Это была уже совсем другая жизнь - и для мамы и для меня. Что потеряла мама со смертью отца - об этом я могу лишь догадываться. Много, почти все. Она его очень любила. А вот я потерял опору в жизни. До смерти отца жизнь меня баловала. И еще больше баловала мама. И вот, когда мы остались одни, и я должен был по идее встать на место отца к штурвалу семейного корабля, оказалось, что я ничего не смыслю в плавании по бурным волнам жизни. А волны в те неспокойные годы  бушевали вокруг нешуточные - это были последние годы «перестройки» и первые годы «развала». Так страна и развалилась, не успев перестроиться. От прошлой жизни остались лишь руины, из обломков которой мы и пытались наспех соорудить что-то новое - все вместе и каждый порознь. И в первое время очень важно было просто выжить. Вряд ли мы бы выжили, если бы не папина сберкнижка, с которой предусмотрительная мама успела снять все деньги. Но и на них бы мы долго не продержались, поскольку я хоть и устроился на работу, получив диплом, в Госархив, но моей зарплаты хватало лишь на сигареты, транспорт, наши коммунальные расходы и еще, может быть, на носки.
 Мама с детства приучила меня пользоваться носками не более 3 раз. После трехразового использования носки просто выбрасывались. И это правило неукоснительно соблюдалось даже в те тягостные времена, когда нам с мамой пришлось уже экономить на гораздо более насущных  жизненных потребностях, чем какие-то носки. К примеру, мама никогда до смерти отца не пользовалась общественным транспортом. И еще долго после папиной смерти предпочитала или ходить пешком или брать такси. Но в последствие она пересилила свою благоприобретенную брезгливость к противоестественной близости с незнакомыми людьми, к которой нас вынуждает езда в общественном транспорте в часы пик.
Обещанную нам повышенную папину пенсию мы так и не смогли выбить. Деньги таяли. Мама худела, а я стал превращаться из добродушного милого парня в неврастеничного ипохондрика. А потом мне просто повезло. Потом мы жили на деньги с квартиры Рубена.

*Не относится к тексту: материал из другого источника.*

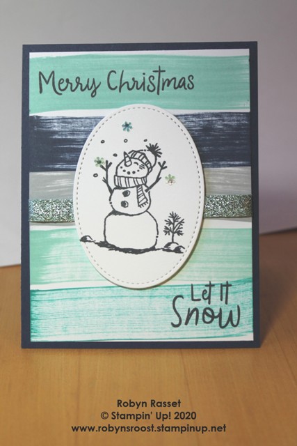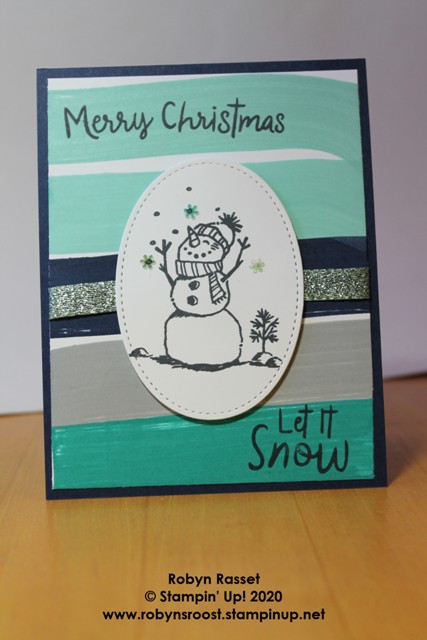 Isn’t this little guy cute? The background is created by dragging those little ink spot (ink pads) across the paper to create colored stripes. The amount of ink in the pad and the pressure while dragging will vary the depth of color. Light pressure and a drier ink pad will create the look on the above card, while a wet ink pad and heavy pressure will create the look on the card below.

Кто такой Рубен? Армянин. Мой бывший сокурсник. Не скажу, что мы были друзьями, но хорошими приятелями - были. Рубен был симпатичный, весьма начитанный и бойкий на язык парень. С ним было приятно посидеть за бутылочкой сухого в шашлычной. С ним было выгодно на пару клеить девчонок - он, в отличие от меня, не боялся записных красавиц и не чурался интрижек с теми, что «не очень», которые, после ближайшего знакомства, оказывались «очень даже». Я бывал несколько раз у них дома - на его дне рождения и просто так - посидеть в его комнате, послушать музыку и попить пивка. Рубен  любил джаз и неплохо играл на гитаре. Я любил рок и стучал костяшками кулаков по столу, изображая барабанщика, и выдавал дикие саксофонные импровизации сквозь сжатые губы, чем выводил обычно спокойного Рубена из себя. 
 Он был в те годы такой же праздный шалопай, как и я, - маменькин сыночек, живший на папенькины денежки. Отличие было лишь в том, что я был единственным сыном, а у Рубика были две сестры - старшая Марина, успевшая уже выйти замуж за лезгина, и младшая Карина - хорошенькая девятиклассница, строившая мне всякий раз глазки, когда я у них появлялся.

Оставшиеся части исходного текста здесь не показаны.